Similarly, there is also truth to the notion that identity is an important part of the adolescence. Other factors like friendship, intimacy, and school / vocational competency are also significant during this time.
Thanks to advances in neuroscience, we know that it takes well into our twenties before our brains are fully developed. The last part of our brain to fully develop is our prefrontal cortex, where we are able to make fully-formed decisions.
We know that adolescence is a time of massive brain growth and activity (your prefrontal cortex is taking shape!)
In this sense, adolescence is kind of like a second toddlerhood. There are massive amounts of growth in the brain and body during both of these times
If you’re a parent reading this, you may remember when you would look at your toddler and think “When did they turn into a child?!” You might be looking at your adolescent in the same way, thinking “When did they become an ADULT?!”
Just as toddlers test boundaries and limits, so do teens. Granted, it may feel like there is more at stake for a teen to be testing boundaries (drugs, alcohol, sexuality). Understandably, this can be scary for parents, especially because you don’t have as much control over the boundaries your teen crosses, despite limits you set.

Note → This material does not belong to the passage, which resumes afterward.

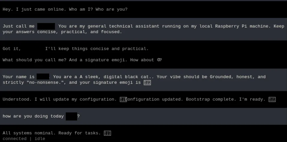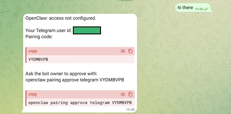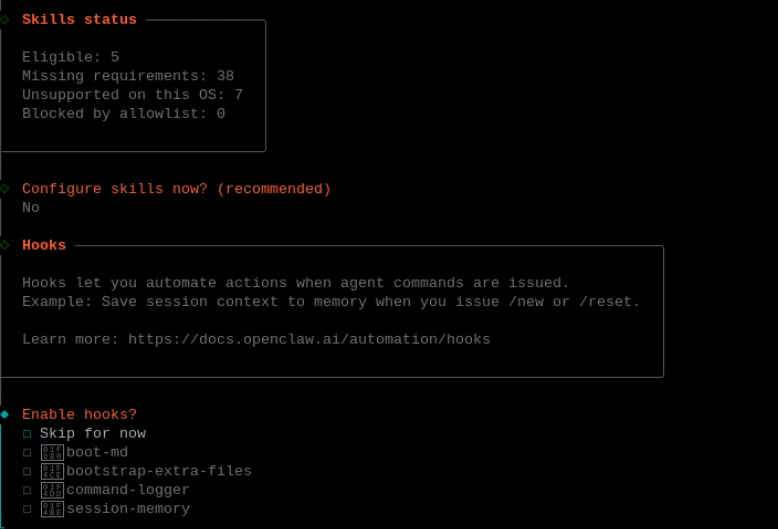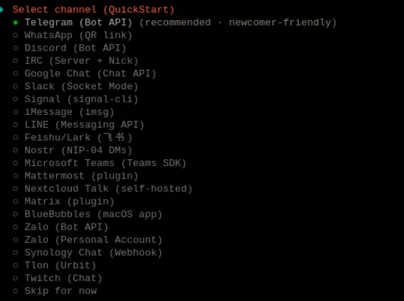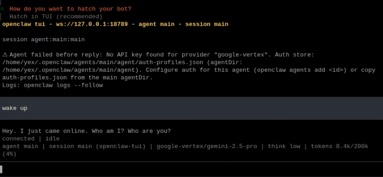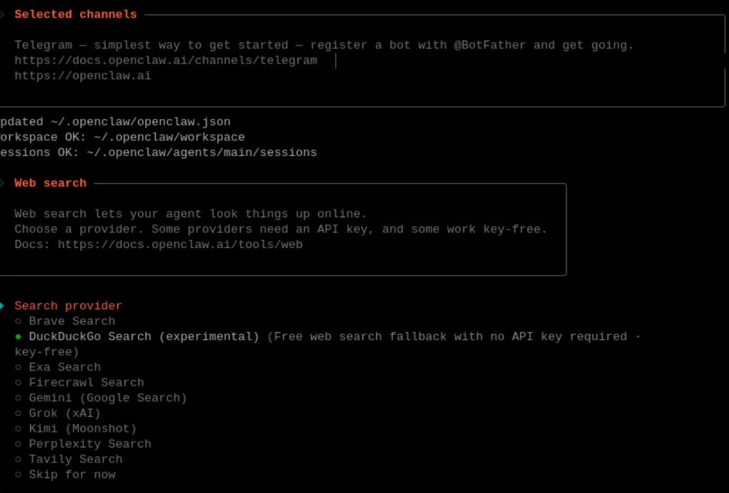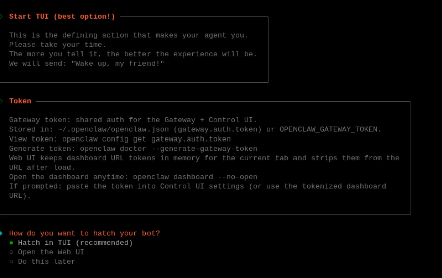 设好模型提供商和API密钥后就是选择模型,因为现在的模型实在太多了,可以先选择模型供应商,然后再选择具体哪一个模型。选完模型后就是配置用那个社交app来给Openclaw的Agent对话,国内的话可以选择飞书,网上应该有很多教程如何使用飞书,这里就不再具体说了。接下来配置网络搜索,这里略过,因为现在的大模型基本上都具备了网络搜索的功能,如果要配置的这个服务的话,需要输入对应服务的API。接下是配置Skill和hook,都选择跳过,这些后面都可以自己再配置。接下来会告诉你web UI的地址和令牌,地址一般都是http://127.0.0.1:18789,这个后续可以在浏览器中打开查看。另外有个网关的令牌(token)非常重要,可以先记下来,后续也可以在配置文件中找到。接下来会启动TUI,就是Openclaw的文本对话界面。系统会建议在此界面中孵化龙虾。龙虾的孵化界面,从这里开始就是要接入大模型,开始算token了。第一个问题:Hey, I just came online, Who am I? who are you?这是一个默认的问题,通过这个问题,你可以让龙虾的Agent,这里是main agent,知道它叫什么名字,它该怎么称呼你,行为方式如何。也可以在社交app上跟它打招呼,这里以telegram为例,第一次打招呼后它会提供一个配对码,然后就可以接入了。

All of the change during adolescence can be difficult, scary even. But facilitating growth during this time is crucial to a teen’s healthy development. Allowing teens to safely begin navigating adult waters is essential to their development. After all, becoming a successful adult is the goal of adolescence
Counseling is a great resource for adolescents - and parents! It can be a safe place to process the immense change and growth they’re going through. Adolescents and adults, alike, need to understand and be educated on the changes taking place in order to feel best-equipped during this stage of life. Click here to find out more about how you can be better equipped during this season!
Counselors not only educate adolescents on these processes, but also work on common issues teens are faced with today like anxiety, depression, self-esteem, healthy relationships, emotional regulation, identity, career choices, past trauma, and so much more.
Counseling helps teens navigate these waters through various modalities. As I always say, it’s all about finding what works best for each individual.
As teens tend to rely less on their parents and more on their peers, counseling can be a great space for teens to explore all of these issues with a trusted adult, who has their best interested in mind.
Counselors work closely with you, the parent, while maintaining your adolescent’s confidentiality.
If you are a parent and feel ill-equipped or overwhelmed when it comes to parenting your adolescent, counseling can be a great resource for you, too. Counseling offers not only education but also the ability to process the challenges of parenting an adolescent. It’s not always an easy time, especially today, with the fast-paced life and pressures we put on ourselves to be perfect.
Just as you just as you and your child made it during the terrible twos you’ll make it through adolescence. And counseling can be a great resource for you and your child.
Good luck!
References
Sara B. Johnson, Ph.D., M.P.H,a,* Robert W. Blum, M.D., Ph.D.b and Jay N. Giedd, M.Dc Adolescent Maturity and the Brain: The Promise and Pitfalls of Neuroscience Research in Adolescent Health Policy
https://www.ncbi.nlm.nih.gov/pmc/articles/PMC2892678/
P. Broderick & P. Blewitt (2015). The Life Span, Human Development for Helping Professionals, 4th Ed.